# 3 malts at suburban Chicago shelter



## =supermanskivvies= (Aug 7, 2008)

I volunteer at the Naperville Area Humane Society, which is where I adopted Tiffany from 2 years ago. They recently put 3 malts (two 4-year-old girls and one 3-year-old boy) up for adoption. I guess they all were surrendered by the same person. I do dog socialization for the shelter, so I've played with them before and I totally love them. They're nervous about being in the shelter, but they're so sweet and snuggly. I wish I could take them home with me (unfortunately, my condo association only allows one dog per unit).

If anyone is in the area, they should come by and see these little guys. Here's the shelter's dog adoption page, so you can see how cute they are!

Naperville Area Humane Society


----------



## michellerobison (Dec 17, 2009)

I hope someone is in the area,that can take them in. I looked at the site,all the doggies are so cute.


----------



## maggieh (Dec 16, 2007)

I'm in Lisle - is there anything I can do to help with these little ones? Has anyone expressed an interest?


----------



## =supermanskivvies= (Aug 7, 2008)

michellerobison said:


> I hope someone is in the area,that can take them in. I looked at the site,all the doggies are so cute.


Thanks...I'm so attached to all the dogs there! They're so sweet.



maggieh said:


> I'm in Lisle - is there anything I can do to help with these little ones? Has anyone expressed an interest?


I was there last night. I saw some people come in and ask about them, but they had young kids and they want them to go somewhere without kids under 12 years old. Also, the two girls are sisters and they want them to be adopted together. They *love* to cuddle with each other, so I'm glad they won't have to be split up.

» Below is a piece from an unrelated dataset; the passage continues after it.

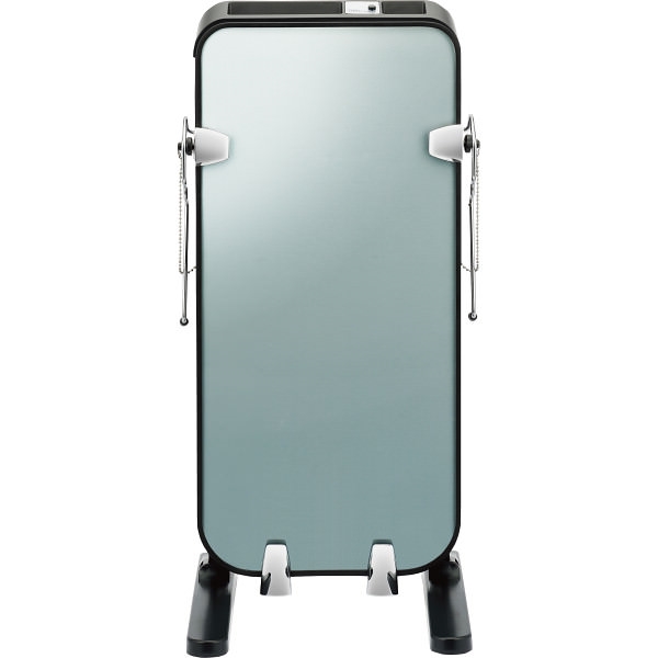 ●プレス状態が見えるガラスパネルで、二重線、ヨレ予防。楽々プレスできるレバー式。消臭シート付。ガラス&メッキ仕上げの高級感があるデザイン。部屋に置いても圧迫感の少ない省スペース設計。ポケット内の小物が置ける収納スペース付。
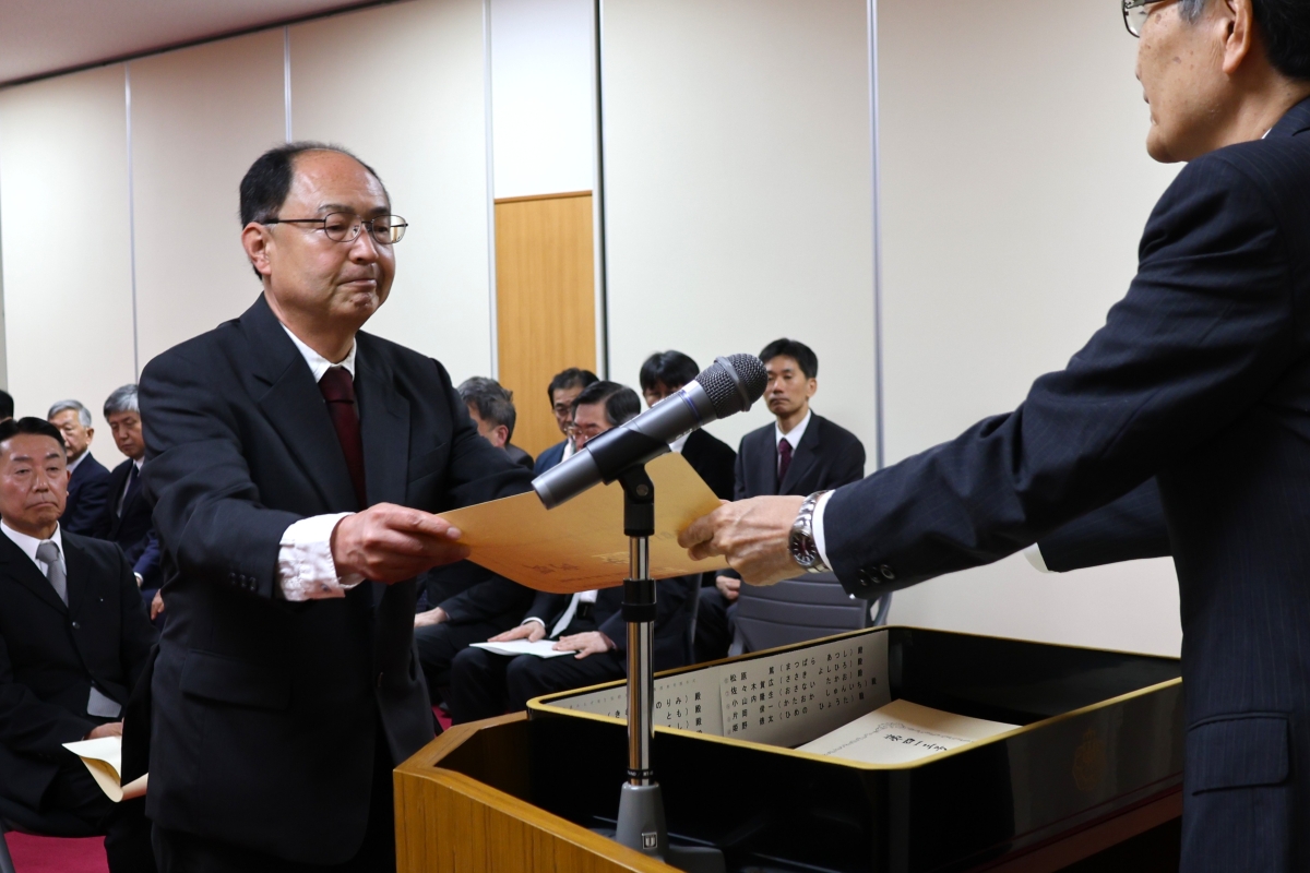 名誉教授称号授与式は、6月2日(月)午前11時30分から弘前大学創立50周年記念会館岩木ホールにおいて執り行われ、福田学長から一人ひとりに辞令書が交付されました。また、授与式終了後、懇談会が開かれました。

If you want to donate anything, the shelter is low on soft dog treats at the moment.


----------



## maggieh (Dec 16, 2007)

I work right on the other side of 88 from there - I'll make a stop at Pet Supplies over the weekend and try to drop some things off after work next week.


----------



## Miss_Annie (Mar 3, 2010)

I hope they all find wonderful homes soon!


----------



## maltlovereileen (Jan 19, 2009)

Is there a rescue group near you that could pull these little ones? I tried googling maltese rescue Illinois and nothing breed specific popped up. Googling small dog rescue I found this : Animal Rescue Foundation of Illinois Do you think they could be contacted/pull these guys while trying to get them adopted? At the very least, possibly point you to a breed specific group near you that could spring them from the shelter?


----------



## maggieh (Dec 16, 2007)

Northcentral Maltese is the closest breed-specific rescue and to be honest, NAHS is really a very good shelter. I've been there to donate food and such fairly often, my EVP at work did some executive-type things for them, and the company I work for is a "corporate sponsor." As over-taxed as NMR is currently, the only foster home for them right now would likely be with me and I'm gone 10 - 12 hours a day as it is. So, they probably are doing OK there at least for a little while. I'm going to keep an eye on them and see - if it starts to drag out, well, then, we'll have to see . . .

I did email Mary Palmer at NMR to let her know about these little ones, but haven't heard back from her. Given the choice between where these little ones are and a kill shelter or one that keeps the dogs in horrible conditions, they're doing OK.

What my friends who also are involved in rescue have been saying is that all of the rescues in the Chicago area are just swamped with animals and very short of funds. One of the vet offices in Naperville has even started accepting dog and cat food donations and taking them to the Northern Illinois Food Bank for distribution to people picking up "people food" in the hope that the owners can keep the animals instead of giving them up. We have the highest unemployment in the nation at 11.5% and things are not turning around very quickly, so it's extremely difficult for our fur-babies. 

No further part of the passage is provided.